Source data:

================

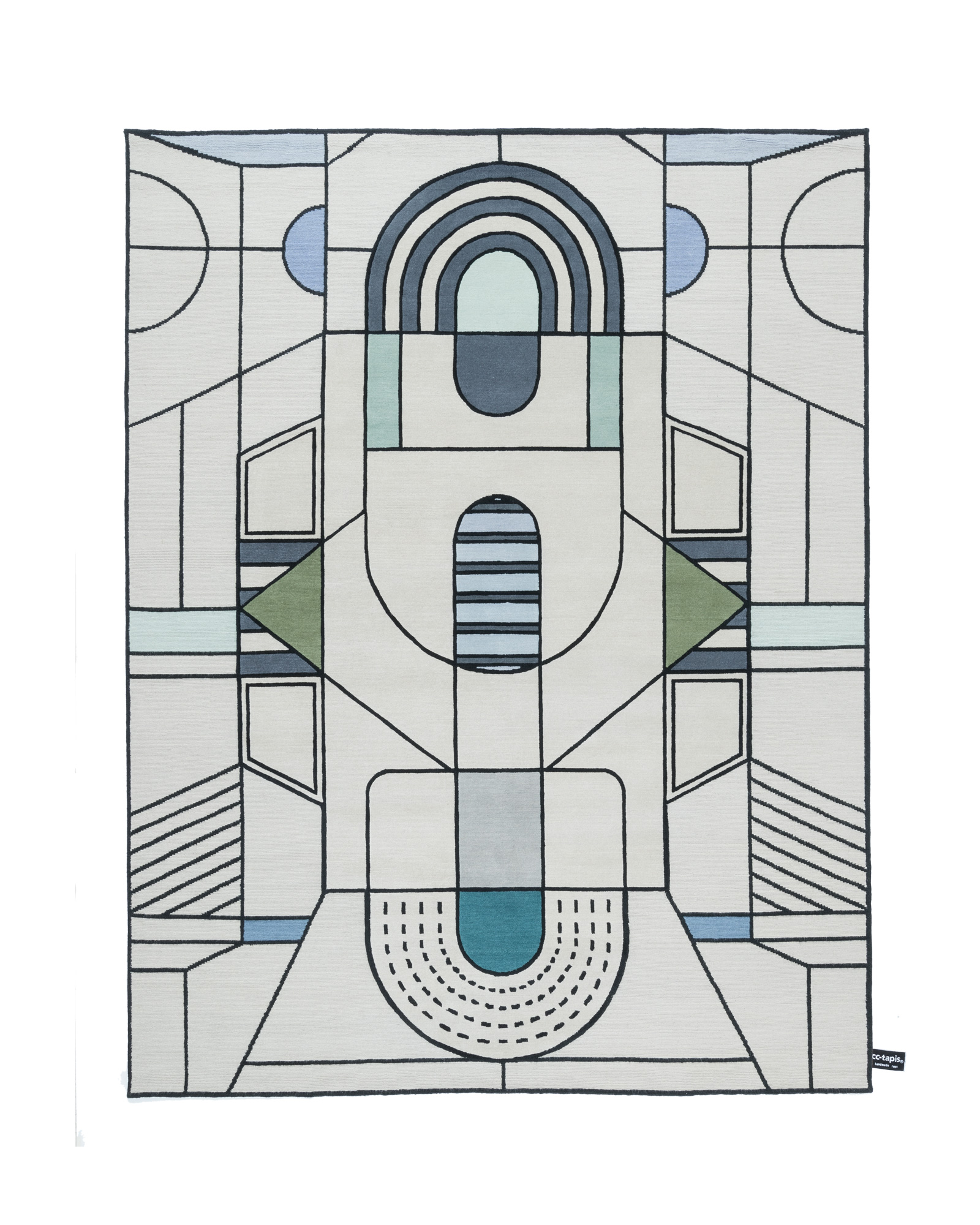 In the Flatlandia Collection by Elena Salmistraro rugs are transformed into two-dimensional universes inhabited by geometric shapes, just like in the novel Flatland, the fantastic story in multiple dimensions, written by Reverend Edwin A. Abbott in 1884. Triangles, lines, circles and squares overlap, meet and collide becoming conscious of each other, just as they do in the novel, unaware of the colors and the magic they hold. The collection has two faces; one more tactile and “rough”, the other softer and lighter, one more intense and crowded, the other sober and sublime. A series of rugs which play with contrast emphasizing duality and the craftsmanship involved in their creation. It is no coincidence that the rugs have the names of famous mathematicians: Cartesio, Pitagora and Eulero.
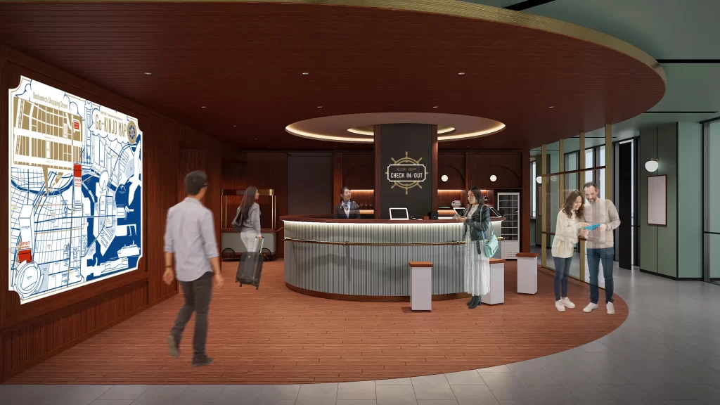 ビリヤードやテーブルゲームを楽しめる「Play Zone」や港町の文化に触れられるギャラリー、洋画が流れるシアタースペースなど、クルーズ船内での滞在のように思い思いの時間を過ごせます。
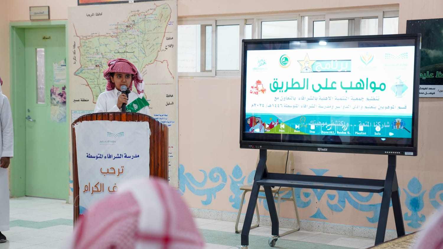 نظمت جمعية التنمية الأهلية بالشرافاء بالتعاون مع قسم الموهوبين ومدرسة الشرافاء المتوسطة في وادي الدواسر برنامج “مواهب على الطريق” والذي استهدف طلاب المدارس في جميع المراحل الدراسية بالتعليم العام، حيث شارك فيه أكثر من ٢٥٠ طالب، وشمل ست فعاليات متنوعة تمثلت في الإنشاد، الرسم، الخط العربي، الإلقاء، والمسابقات الثقافية، مما أتاح للطلاب فرصة اكتشاف وتطوير مواهبهم.

================

Your goal:
Would you transcribe all of the data exactly, apart from its pictures?

Response below:
 In the Flatlandia Collection by Elena Salmistraro rugs are transformed into two-dimensional universes inhabited by geometric shapes, just like in the novel Flatland, the fantastic story in multiple dimensions, written by Reverend Edwin A. Abbott in 1884. Triangles, lines, circles and squares overlap, meet and collide becoming conscious of each other, just as they do in the novel, unaware of the colors and the magic they hold. The collection has two faces; one more tactile and “rough”, the other softer and lighter, one more intense and crowded, the other sober and sublime. A series of rugs which play with contrast emphasizing duality and the craftsmanship involved in their creation. It is no coincidence that the rugs have the names of famous mathematicians: Cartesio, Pitagora and Eulero.
 ビリヤードやテーブルゲームを楽しめる「Play Zone」や港町の文化に触れられるギャラリー、洋画が流れるシアタースペースなど、クルーズ船内での滞在のように思い思いの時間を過ごせます。
 نظمت جمعية التنمية الأهلية بالشرافاء بالتعاون مع قسم الموهوبين ومدرسة الشرافاء المتوسطة في وادي الدواسر برنامج “مواهب على الطريق” والذي استهدف طلاب المدارس في جميع المراحل الدراسية بالتعليم العام، حيث شارك فيه أكثر من ٢٥٠ طالب، وشمل ست فعاليات متنوعة تمثلت في الإنشاد، الرسم، الخط العربي، الإلقاء، والمسابقات الثقافية، مما أتاح للطلاب فرصة اكتشاف وتطوير مواهبهم.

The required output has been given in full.